A u64 is a box that holds 64 bits. Multiply two large u64s and the true product might need 128 bits. The box doesn’t grow — it just wraps. No panic, no warning. Your code runs fine and returns a number that looks reasonable and is wrong.
Cryptography is modular arithmetic on bounded integers. That gap — between “the number” and “the number that fits in the box” — is exactly where the bugs live. Not bad formulas. Correct formulas, on the wrong number.
a = b = 5_000_000_000
m = 2^64 - 59 # largest u64 prime
(a * b) % m = 6553255926290448384
# off by 59
# a*b overflowed the u64
((a as u128 * b as u128) % m as u128) as u64 = 6553255926290448443
# correct
Same formula, same inputs. The only difference is the box the multiply happens in.
That’s the problem coprime is built around. It’s a zero-dependency, no_std number-theory library for u64: gcd, modular exponentiation, CRT, Jacobi and Kronecker symbols, integer roots, deterministic primality, factoring. The whole classical toolkit, but built so a machine checks each primitive rather than asking you to take it on faith.
Two formal tools do the checking. Kani runs bounded model checking on the actual compiled Rust — it bit-blasts u128 at full width, honors real overflow semantics, and cannot be fooled with an assume. It proves 17 harnesses over bounded symbolic slices of the input space. Aeneas extracts the Rust into a functional model and proves 24 primitives against Lean/Mathlib over the full u64 domain, unbounded.
One word is kept strict throughout: “proved” means one of those two tools, at exactly the scope stated. Everything else is “tested.” Testing can show bugs are present. It cannot show they’re absent. The docs say which is which for every function.

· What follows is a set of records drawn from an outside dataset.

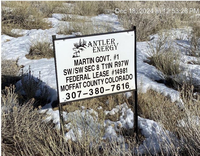
When replaced additional information is required
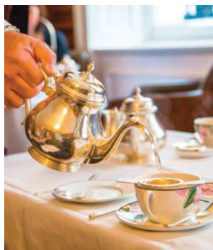
English afternoon tea

Knowledgeable Lecturers deepen your appreciation for the region and its history, culture and current events.
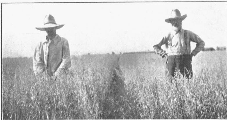
Fig. 3.—Oats at the left treated with 140 pounds per acre of 20 per cent superphosphate exceeded by 16\frac{1}{2} bushels per acre the untreated crop at the right. Over a long period similar treatment with fertilizer has increased the average yield by 6 to 8 bushels on this field.

The use of fertilizer with oats is not usually profitable if other practices in production are poor. But if such practices as the early sowing of a productive early variety, thorough preparation of the seedbed, and the treatment of the seed for smut, are all followed,
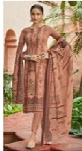
---NUR | 2010---

حوس لائون HOUSE OF LAWN® DEFINING FEMININITY AND LUXURY
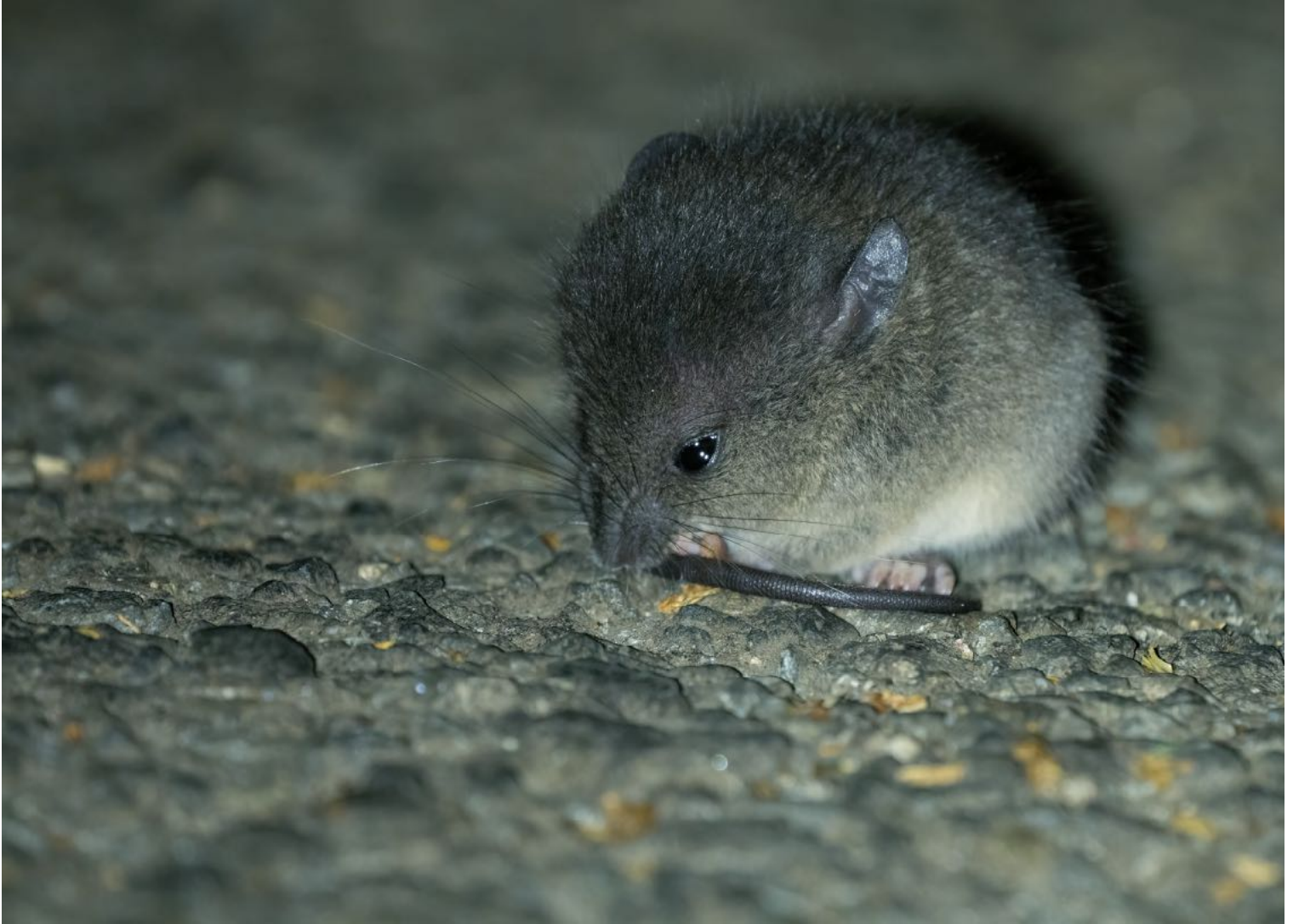
Fawn-footed Melomys
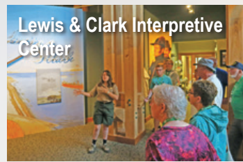
Lewis & Clark Interpretive Center

The final stop of the day was Garrison Dam and Powerhouse near Riverdale, N.D., where our hydroelectric power is produced. Members learned about the history and
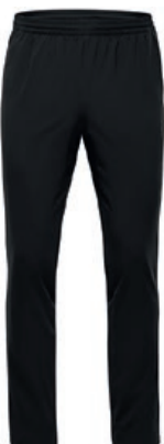
TRAINING PANTS | BQ9754
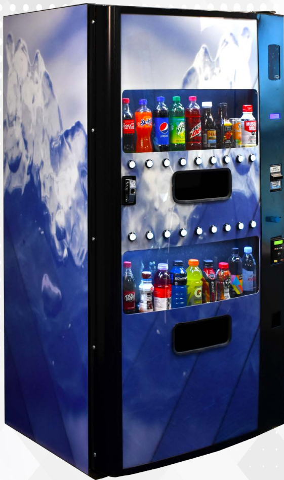
Cassette Style Refrigeration Deck

For the first time, vend almost any product... Square Bottles • Slim Cans • Glass Bottles • Much More!
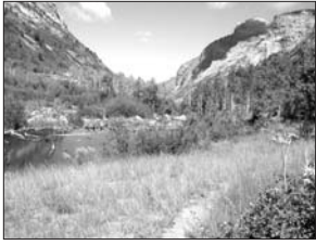
Nature trail in Lamoille Canyon, Humboldt-Toiyabe National Forest
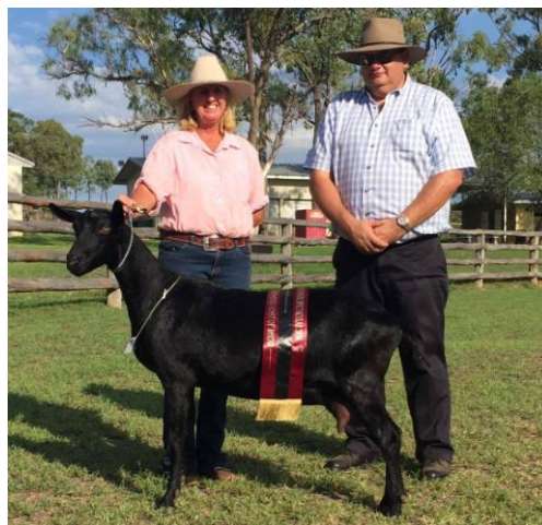
Grand Ch Doe
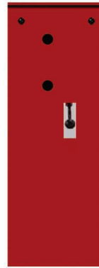
Model #791487 Rotary® Mechanical
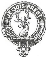
C26 FRASER of Lovat 'I AM READY'
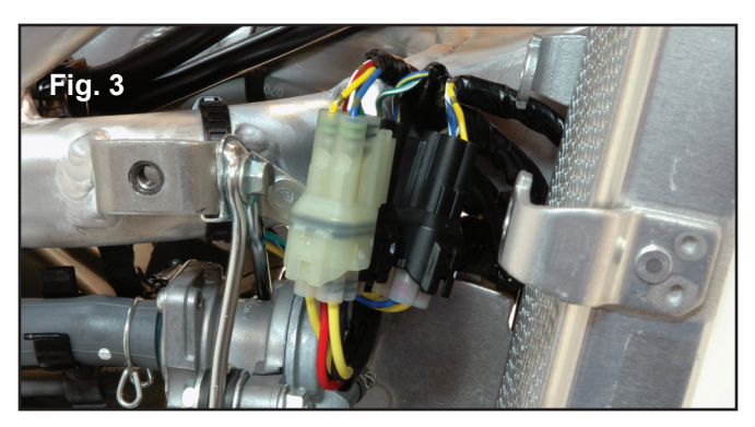
Steps 3) Trail Tech stator plugged in

The attack index (ATTACKS.md) opens with “Proof of Concept or GTFO” and means it: 23 runnable attacks — DH man-in-the-middle, RSA via Wiener’s small private exponent, DSA nonce reuse, SRP zero-key bypass — each one a runnable test or bracketed as not yet built. Nothing in between.
Stage One is public, secret-free arithmetic. No constant-time guarantees yet, and the docs say so plainly. This is a study in verification, not a library to guard real secrets with.